En esta Cuja el cuerpo no se ve, el sudor de un hombre o de una mujer no aparece impreso en el cuero porque esa presencia solamente se cuenta, se supone por ejercicio de evocación. Pero ¿qué del arte no es en cierta medida una evocación?
En Labor están sobre la mesa presencias y ausencias, fuerzas femeninas y masculinas en el acto de creación. También resulta fascinante la absoluta conexión que la obra de Juliana logró con las texturas, colores y humedad del espacio de Flora, lugar donde la artista concibió su proyecto en su estancia de residente. Todo esto me hace pensar que hay algo de vida contundente, de ceremonial y de inerte en esta obra de Juliana. Una evocación un poco mortuoria. En medio de la quietud de toda la obra, es evidente la labor como esfuerzo de las manos –aquí tan diferenciada entre unos supuestos ellos y ellas- para construir el muro, la cuja, la piedra y la manta. Aparece la mano de la artista con el preciosista gesto de la memoria, el gusto por el detalle y por la paciencia, la belleza y el anhelo familiar.

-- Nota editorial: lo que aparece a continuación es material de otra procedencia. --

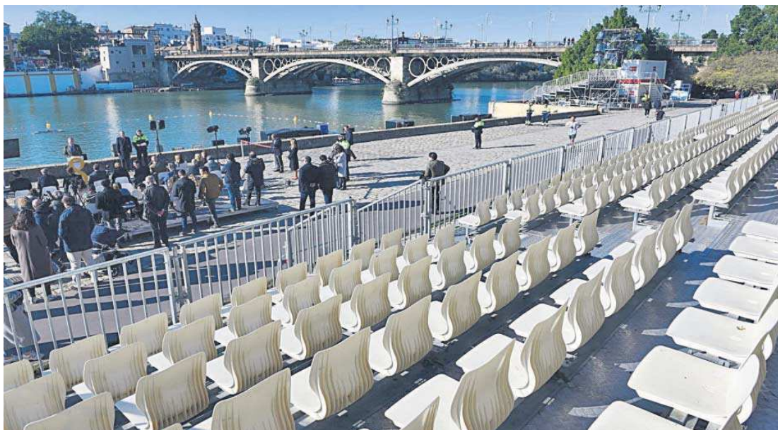
El graderío instalado en el Paseo de Colón desde el que se podrá seguir el espectáculo.

Juliana tiene una pregunta muy grande por su padre, por su abuelo, por la casa familiar en donde conviven los rastros de la labor de hombres y mujeres, y va en la busca de un tiempo que se le apareció entre memoria oral, fotografías tomadas por ella y dibujos de su padre recordando la cuja del abuelo.
“Vine a Comala porque me dijeron que acá vivía mi padre, un tal Pedro Páramo”, dice Juan Preciado cuando, en honor a la memoria de su madre, decide emprender su viaje hacia un pueblo remoto en búsqueda del héroe olvidado.